Ritualizing Abortion
OLD DEITIES, NEW SACRAMENT
Once you recover from the shock of the first encounter, it seems obvious, even predict able. But the first encounter is disturbing and disorienting: You feel as if you are present in old Carthage at a sacrifice to Moloch, the eater of children.
I refer to the encounter with a new inspiration on the part of proabortionists, an inspiration wondrous in its simplicity and staggering in its implications. To the claims of prolifers that religion forbids abortion, proabortionists can respond with fervor that they, too, are religious, they, too, are believers, and abortion is a spiritual practice and a sacred ritual. Abortion is an act of worship: Deus — or dea — vult.
This inspiration seems to be the genuine belief of some, as we will see.
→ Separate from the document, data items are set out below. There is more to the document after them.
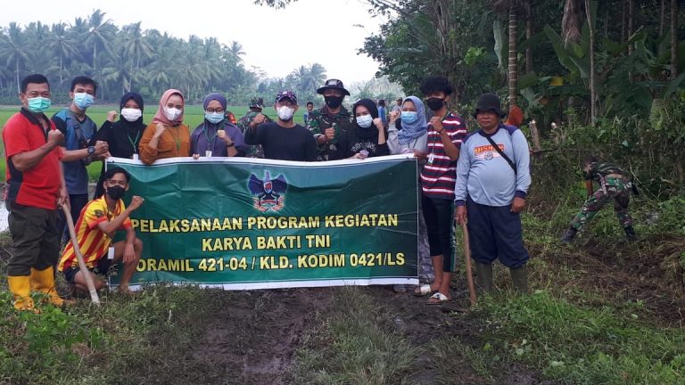 Bersama Mahasiswa UIN dan Masyarakat Palembapang, Koramil Kalianda Gelar Karya Bakti di Dusun Pelita Dewa 2 Juli 2021
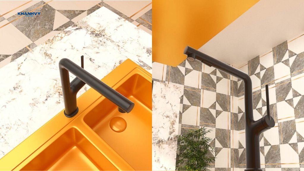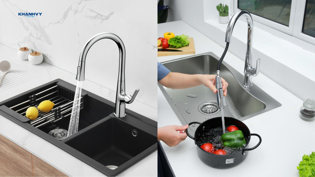 Kiểu dáng | Vòi ngỗng cứng, cổ thấp hoặc trung. | Vòi chữ L/vòi rút dây, cổ cao, thẩm mỹ hiện đại. |
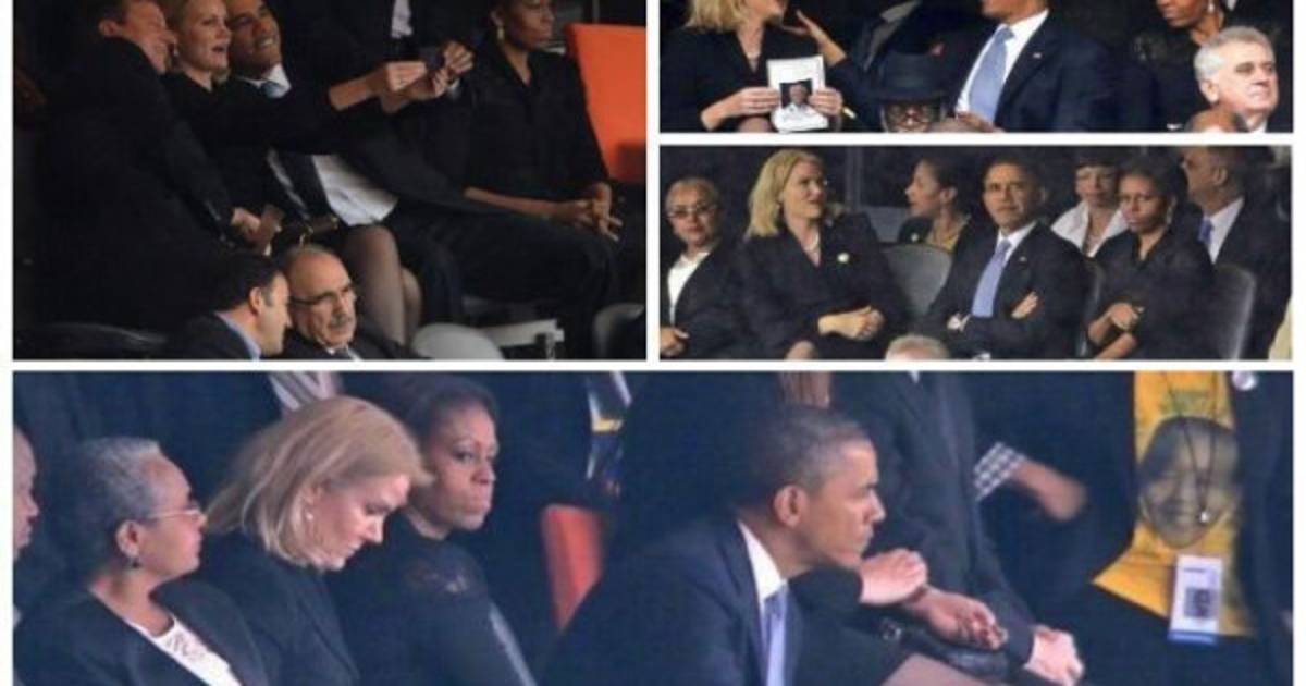 Obama, el primer ministro británico, David Cameron y la ministra de Dinamarca aprovecharon la oportunidad de tomarse una 'selfie' (una auto-foto) durante el homenaje a Nelson Mandela.

But it is sure to be used by others as a rhetoric of convenience, as a tactic in their war to keep abortion safe, legal, and frequent. I fear it could prove a shrewd tactic, with a fair chance of success. In our culture, which is morally self-indulgent and religiously illiterate but spiritually ambitious and consumerist in outlook, ideologies are labeled “spiritual” for the same reason foods are labeled “natural”: The word draws customers to the product, and there are no enforceable standards for applying it.
Since Americans, as a whole, continue to be surprisingly respectful of anything that calls itself religion, any co-opting of religious language by the proabortionists could reduce the momentum the prolife movement has built up in the past few years. At the least it could serve to confuse further the vast muddled middle of our countrymen who may not be sure if abortion is murder but who are fairly clear that government should not mess with anybody’s religion.